Principles and Practices of Rate Limiting Across SLB, Nginx, Spring Cloud Gateway, and Microservice Layers
The article explains how to apply rate‑limiting at each entry point of a distributed system—SLB, Nginx, Spring Cloud Gateway, and individual Java microservices—detailing traffic characteristics, limiting strategies, isolation techniques, and the role of circuit breaking to protect backend stability.
In the introduction, the author emphasizes that rate‑limiting should be applied as close to the traffic source as possible and should match the team's skill set.
SLB node : Almost all external traffic (including DDoS, crawlers, and normal requests) passes through the SLB ingress. The primary goal is to block non‑business traffic before it reaches the application layer. Typical controls include IP‑based filtering, DDoS mitigation, and basic request throttling.
Nginx node : After SLB, traffic is handed to Nginx where more granular limits can be configured in code (e.g., connection concurrency, per‑IP request caps, crawler throttling). Nginx allows scriptable, version‑controlled configurations, making recovery fast.
Spring Cloud Gateway node : This layer handles dynamic Java‑based traffic. Rate‑limiting becomes more sophisticated, supporting normal flow limits, burst scenarios (e.g., flash sales), and CC‑attack mitigation with signature verification. Custom KeyResolver implementations enable limits by user ID, IP, tenant, etc.
Java microservice node : Individual services have their own capacity measured by load‑testing tools like JMeter. Limits may be applied per service based on sensitivity (e.g., billing). Techniques include queue‑based throttling and dedicated thread pools to isolate heavy‑load services.
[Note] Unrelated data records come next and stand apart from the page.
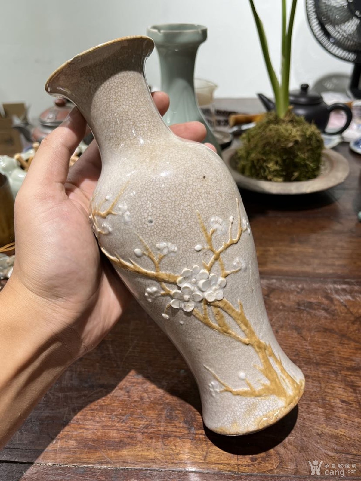 晚清民国哥釉堆瓷「梅花香自苦寒来」观音瓶
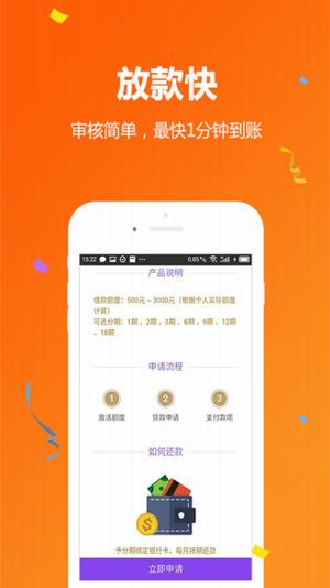 急速下款:初次10分钟,复贷3分钟到账;借款简单:门槛低、息费低、材料少、放款快。
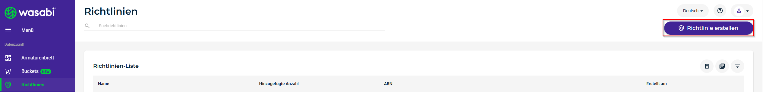 Navigieren Sie dort im Linken-Menüband zu dem Reiter "Richtlinien" und wählen Sie "RICHTLINIE ERSTELLEN".

The article also discusses isolation strategies (using Hystrix, Sentinel, Guava) to prevent a slow service from dragging down others, and introduces circuit‑breaker concepts for handling downstream timeouts.
Overall, the piece provides a layered approach to traffic control, recommending that each layer enforce appropriate limits, use code‑driven configurations where possible, and employ isolation and circuit‑breaking to maintain system resilience.